Levobupivacaine is clinically used at concentrations of 0.25% to 0.75% (equivalent to approximately 8.7 × 10−3 to 2.6 × 10−2 M). The maximum plasma concentration following scalp block with levobupivacaine is 5.4 × 10−6 M, and the expected tissue concentration encountered in the clinical setting with 95% protein binding ranges from 0.27 × 10−6 M to 1.3 × 10−3 M [3, 34]. Ropivacaine is clinically used at concentrations of 0.25% to 0.75% (equivalent to approximately 9.1 × 10−3 to 2.73 × 10−2 M), and the expected local tissue concentration encountered in the clinical setting with 94% protein binding ranges from 5.46 × 10−4 M to 1.63 × 10−3 M [3]. Mepivacaine is clinically used at concentrations of 0.5% to 2% (equivalent to approximately 1.75 × 10−2 to 7 × 10−2 M), and the expected local tissue concentration encountered in the clinical setting with 77.5% protein binding ranges from 3.937 × 10−3 to 1.575 × 10−2 M [3]. Lidocaine is clinically used at concentration of 0.5 to 4% (equivalent to approximately 2.13 × 10−2 to 1.70 × 10−1 M). The mean plasma concentration of lidocaine as antiarrhythmic drug is 10−5 M, and the expected tissue concentration encountered in the clinical setting with 64% protein binding ranges from 3.6 × 10−6 to 6.12 × 10−2 M [3, 35]. However, we hypothesize that the actual local tissue concentration of local anesthetics may be lower than expected, because if locally applied, the anesthetic is diluted with interstitial fluid and absorbed into fat tissue around nerve block site. Therefore, we suggest these supposed local tissue concentrations include the range of concentrations of local anesthetics producing vasoconstriction observed in this in vitro study.

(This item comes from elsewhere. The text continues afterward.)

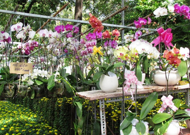 Năm nay, hoa địa lan, lan hồ điệp vẫn là những loại hoa được người dân TPHCM ưa chuộng do giá cả không quá cao, mà hoa trưng trong nhà những ngày Tết thì rất bắt mắt, màu sắc đẹp.
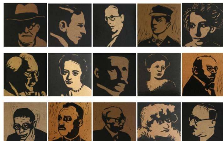 installation view of Freud's Dream Circle at The Freud Museum, London. Installation consists of 16 boxes 12.5 x 12.5 x 12.5cms; each facet of a box is printed with the image of one of Freud's associates or colleagues

In conclusion, these results suggest that the octanol/buffer partition coefficient of local anesthetics is the primary factor in determining the potency of local anesthetic-induced vasoconstriction. We determined the order of potency of vasoconstriction induced by local anesthetics in isolated endothelium-denuded aorta to be levobupivacaine > ropivacaine > lidocaine > mepivacaine.